The **Gradient Boosting Regressor** was chosen for this project because of its ability to handle complex relationships in the data and provide highly accurate predictions. Here are the reasons for this choice:

1. **Ability to Handle Non-Linear Data**:
   - Financial data often exhibit non-linear relationships between input features and target variables. Gradient Boosting is designed to capture these non-linear patterns effectively.

2. **Robustness**:
   - Gradient Boosting builds the predictive model iteratively, reducing errors from previous iterations.
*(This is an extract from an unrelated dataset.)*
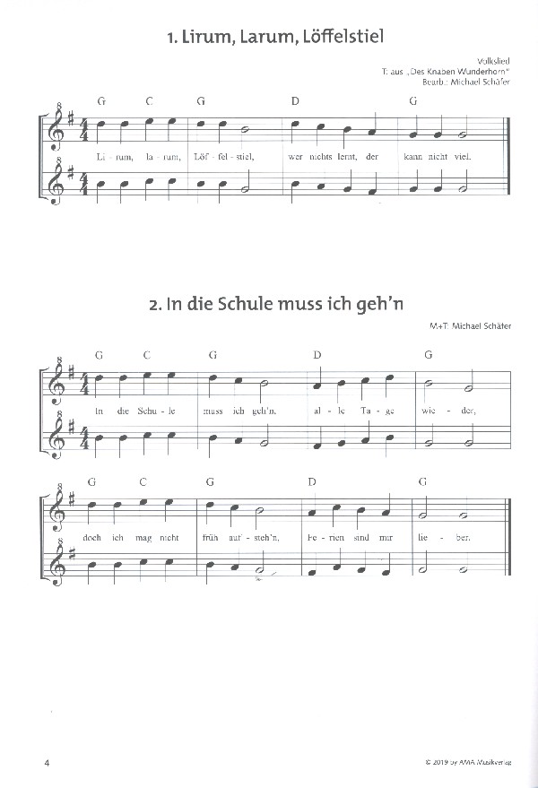 Schäfer, Michael, arr. 42 fröhliche Kinderlieder in leichten Bearbeitungen Alle Leut gehn jetzt nach Haus (Everyone Is Going Home Now) Alle meine Entchen (All My Little Ducklings) Auf der Mauer, auf der Lauer (On the Wall, on the Lookout) Auf, ihr Kinder, auf und singt (Come and Sing, Children) Auf unsrer Wiese gehet was (What Goes over Our Meadow?) Backe, backe Kuchen (Bake, Bake a Cake) Bruder Jacob (Frère Jacques) Der Kuckuck und der Esel (The Cuckoo and the Donkey) Die Affen rasen durch den Wald (The Monkeys Are Chasing Through the Forest) Ein Männlein steht im Walde (A Little Man Stands in the Forest) Es tanzt ein Bi-Ba-Butzemann (A Bi-Ba-Bogeyman is Dancing) Es war eine Mutter, die hatte vier Kinder (There Was a Mother Who Had Four Children) Froh zu sein bedarf es wenig (It Takes Little To Be Happy) Fuchs, du hast die Gans gestohlen (Fox You Stole the Goose) Grün, grün, grün sind alle meine Kleider (All My Clothes Are Green, Green, Green) Guten Morgen, liebe Kinder (Good Morning, Dear Children) Hänschen klein (Little Hans) Hänsel und Gretel (Hansel and Gretel) Häschen in der Grube (Little Rabbit in Your Burrow) Heut ist ein Fest bei den Fröschen am See (Today Theres a Frogs Party by the Lake) Hört ihr die Drescher (Do You Hear the Thresher) Hopp, hopp, hopp, Pferdchen, lauf Galopp (Hop, Hop, Hop, Little Horse, Run, Gallop) Hoppe, hoppe Reiter (Hop, Hop, Rider) Ich geh mit meiner Laterne (I Go with My Lantern) Ich war mal auf dem Dorfe (I Was Once at the Village) In die Schule muss ich gehn (I Have To Go To School) Kennt ji all dat nije Leed (Do You All Know the New Song) Laterne, Laterne, Sonne, Mond und Sterne (Lantern, Lantern, Sun, Moon and Stars) Lirum, Larum, Löffelstiel (Lirum, Larum, Spoon Handle) Martin ist ein frommer Mann (Martin Is a Godly Man) Mein Hut, der hat drei Ecken (My Hat, It Has Three Corners) Meine Tante aus Marokko (My Aunt from Morocco) Meine Oma fährt im Hühnerstall Motorrad (My Granny is Motor Biking in the Henhouse) Musikanten musizieren (Musicians Making Music) Schneck im Haus (Snail in the House) Schneeflöckchen, Weißröckchen (Little Snowflake, Little Snowflake) Summ, summ, sum (Buzz, Buzz, Buzz) Taler, Taler, du musst wandern (Coin, Coin, You Must Wander) Tanz, Kindlein, tanz (Dance, Little Child, Dance) Unsre Katz hat Kätzchen ghabt (Our Cat Has Had Kittens) Was müssen das für Bäume sein (What Trees Must They Be) Zehn kleine Schokoküsse (Ten Little Chocolate Marshmallows)

This makes it robust to overfitting, especially with well-tuned hyperparameters.

3. **Customizable Parameters**:
   - The algorithm offers flexibility through hyperparameters like the number of boosting stages (`n_estimators`), learning rate, and maximum depth of trees (`max_depth`), which were fine-tuned here for better performance on financial data.

4. **High Accuracy in Complex Datasets**:
   - Gradient Boosting is one of the most widely used algorithms for structured data due to its high accuracy in capturing intricate patterns.

5. **Interpretability**:
   - Gradient Boosting provides feature importance scores, making it easier to interpret which variables are driving the predictions.

---

### **Code Explanation**

#### **Model Definition**
The `get_model` function defines the **Gradient Boosting Regressor** with the following hyperparameters:
- **`n_estimators=200`**: Specifies the number of boosting stages (trees). A higher value can improve performance but increases training time.
- **`learning_rate=0.05`**: Shrinks the contribution of each tree, making the model learn more conservatively to avoid overfitting.
- **`max_depth=5`**: Limits the depth of the trees to control overfitting and reduce model complexity.
- **`min_samples_split=10`**: Sets the minimum number of samples required to split an internal node, ensuring splits happen only with sufficient data.
- **`min_samples_leaf=4`**: Specifies the minimum number of samples required at a leaf node, reducing variance in the predictions.
- **`random_state=42`**: Ensures reproducibility of results by fixing the randomness during model training.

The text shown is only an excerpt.